One way of looking at it is, the internet is shrinking the world in the ways we used to think of it. We can communicate daily with people that actually work long distances apart. That develops a relationship and often a close one. That is how it has changed. Now throw in the added mystique of internet conferences such as the SEO Roadshow, (what a great time that was!), where you can put faces to the forum posts, blogs and emails and now you have the basis for some very unique relationships that can be worth a LOT of money. As online marketing communities mature, I see that becoming the norm. It basically already is.

However, there are certain laws of nature that govern business and business people that the internet has not changed and I don’t think anything ever will. Life is a comprise. Everyday, each of us has the opportunity to have our asses kissed, or, to kiss someones ass. Asses like the IRS, clients with unrealistic objectives, banks, credit card companies, competitors and the list goes on. To me, the trick is to end up with more lipstick on your ass than shit on your lips. That part of life, the internet has not changed.
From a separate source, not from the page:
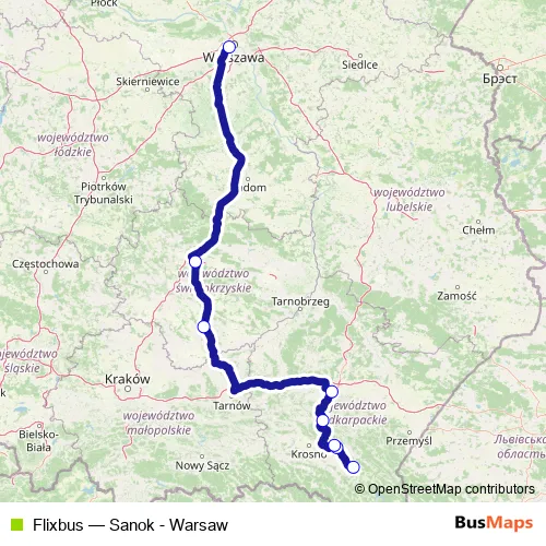 The first stop of the Flixbus bus route is Sanok Lipinskiego and the last stop is Warszawa Bus Station. Flixbus (Sanok - Warsaw) is operational during everyday.

It has not been killed or even been made harder. Just different and for those who don’t see a way to adapt, they will evolve or die. That is not Google, that is business.

John Scott: It seems like decades since the SearchKing v Google thing. Any regrets there?

Bob Massa: Yes, it does seem like it’s been a long time.

Basically no. I did what I thought was the right thing to do at the time. The only regret that I have is that too many people did too many things, too fast for too many of the wrong reasons. It didn’t have to go the way it did but it did. It’s just business.

John Scott: Which search engine do you use when you’re not doing SEO?

Bob Massa: Well, first of all, to my mind, I don’t do SEO. I do online business development, with traffic generation being one part of that, but I know
what you mean.

I use Google more than I wish I did and Yahoo/MSN less than I should. The choice of Google has much more to do with their incredible talent for marketing and self promotion than relevancy. Without question, they are as brilliant at those things as they are at programming and it works even on me. Honestly, I think the big three all do what they do very well and if MSN results showed up tomorrow on Google or vice versa, I doubt I would notice.

John Scott: If you could give one piece of advice to a novice SEO, what would it be?

Bob Massa:Pick a specialty. Something you love to do and get very good at it. Better than anyone else. Then build a network of resources for yourself
by following a simple philosophy.

  • Do the best job you can do
  • Be proud of what you do
  • Do what you say you will do

Then charge accordingly.

Finally for the novice I would say, lay a little lipstick on the asses of those who can help you meet your personal objectives, then wipe the shit off your lips and get to work.